On Tuesday, they found out that they were expelled from the Egyptian actors’ union, which accused them of treason.

“I found out last night. A friend of mine sent me a scanned copy of the decision. I wasn’t really surprised, to be honest,” Waked, perhaps best known stateside for his roles in 2005′s “Syriana” and 2014′s “Lucy,” told The Washington Post.

Waked said that in May 2018 he was tried in absentia by a military court in Egypt and sentenced to eight years in prison for allegedly insulting the state and publishing fake news.

Waked wasn’t the only one who found the union move predictable.

“I’m not surprised this happened. In fact, I think I’d be surprised if it didn’t happen,” said Shadi Hamid, a senior fellow in the Project on U.S. Relations with the Islamic World at the Brookings Institution.

Both Waked and Naga, who are based abroad, have appeared in a variety of Egyptian and foreign film and television productions. The union decision denies them the right to work as actors in Egypt. Waked said that, given what’s facing him in his homeland, “if I go back to Egypt, I won’t even have time to act. I don’t know what they’re trying to prove.” He added that the union is not supposed to immediately cancel memberships but rather inform members first that there is an investigation against them.

“They’re really not doing their job at all. They’re not abiding by any rules and regulations. It’s become a farce, really,” Waked said.

But that depends on what the unions see as their job. “It’s not a new thing for unions and syndicates in Egypt to see themselves as an extension of the state rather than protection from the state,” said Jon Alterman, director of the Middle East Program at the Center for Strategic and International Studies.

Some say the union’s move reflects the increasingly oppressive climate engendered by the Sissi government. “It’s somewhat remarkable that the Sissi regime still finds ways to be even more repressive than it was before,” Hamid said.

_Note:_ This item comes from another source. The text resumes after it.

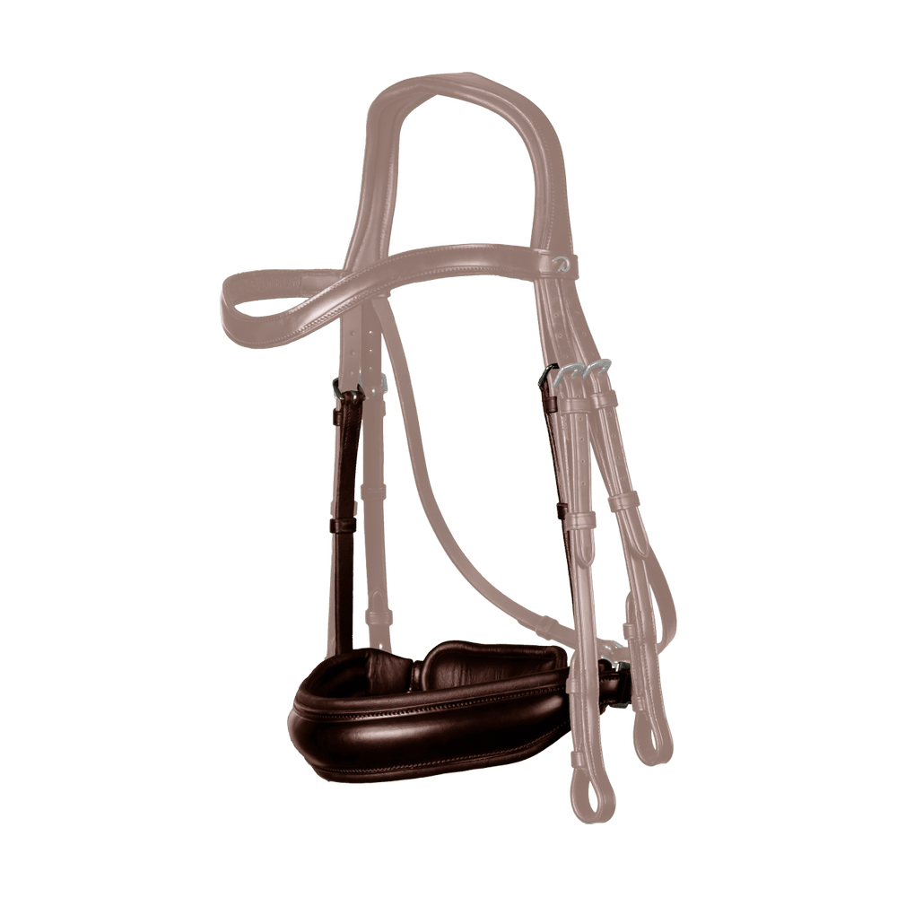 Matte Large Crank Noseband Supple anatomical 38 mm wide noseband with pull-back closure mounted on a padded protective pad. This noseband available in matte leather, patent leather, or patent leather with white lining

“The reaction by the authorities is exactly what one would imagine it to be at this current juncture,” said Michael Hanna, a senior fellow at the Century Foundation focused on U.S. foreign policy in the Middle East and South Asia.

Hamid said that one of the lessons for leaders in the wake of the tumultuous Arab Spring, the wave of anti-government revolts and protests in the Middle East that began in late 2010, was that extreme repression can work, at least in the short term. “Sissi isn’t necessarily thinking about the long term. He’s thinking about the here and now. . . . It has worked at least for the last few years,” Hamid said.“At core, I think the Egyptian government isn’t sure what led to the events of 2011 and, therefore, isn’t sure exactly how to prevent a repeat of 2011. Their instinct is to clamp down more on criticism in the hopes of nipping opposition movements in the bud,” Alterman said, referring to the Arab Spring protests in Egypt that brought down longtime autocrat Hosni Mubarak in 2011.

“There are people of varying degrees of prominence with varying degrees of bravery who are critical of the direction that the Egyptian government is taking,” Alterman said, adding, “The government has quite intentionally created a chill. “

Hanna echoed that assessment, saying, “There is no organized opposition sentiment left in the country. All of that has been destroyed. The kind of organizational accomplishments and developments that happened before 2011 and post have been almost completely destroyed. There’s not much left. To the extent there is public discourse, there is a pro-regime public discourse.”

Waked, who is based in Barcelona, said that, if anything, the decision is a reminder that he’s one of the lucky ones.

“I am outside. I’m not really apprehended or anything like that,” he said. “Imagine everyone in Egypt today. Imagine everyone else; imagine everyone who doesn’t have my profile, . . . which is the extreme majority. How are they going about their lives?”